Devia ter dez anos e tinha acabado de entrar para a escola preparatória quando o episódio se deu. Um colega, sem fazer a mínima ideia do que estava a fazer, levantou o braço em plena aula e esticou a mão para a frente, à boa maneira nazi. O professor, muito calmo, interrompeu a aula e perguntou-lhe se ele conhecia o significado de tal gesto. Depois imprimiu uma dignidade e emoção tão grandes à explicação, que todos nos prendemos às suas palavras. Não sei se foi nesse dia que ouvi falar pela primeira do Hitler, dos judeus perseguidos, dos horrores do nazismo e suas ideologias.
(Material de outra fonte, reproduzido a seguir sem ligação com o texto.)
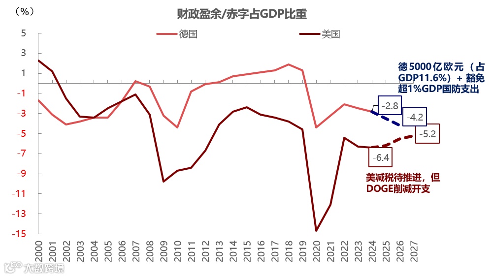 图:欧洲财政扩张 VS 美国财政收缩的格局变化

Mas sei que me ficou para sempre na memória a sensação de incredulidade que aquela aula me trouxe.
Tinha dez anos e não consegui entender como podia tal monstro ter existido, e pior: ter sido cegamente seguido por tantos.
Seguiu-se o percurso normal: as leituras (três ou quatro se bem recordo) do Diário de Anne Frank, as ‘entrevistas’ a todos os ‘mais velhos’ que me pudessem explicar melhor o holocausto; o escutar horrorizado de narrativas em primeira mão que consegui de estrangeiros… E depois a queda do muro de Berlim; a alegria e a esperança de que a Alemanha, a Europa e o Mundo tivessem aprendido com tais aberrações; a sensação de tranquilidade (quão inocentes podemos ser na juventude…) e confiança de que o Homem não voltaria a permitir tais monstruosidades.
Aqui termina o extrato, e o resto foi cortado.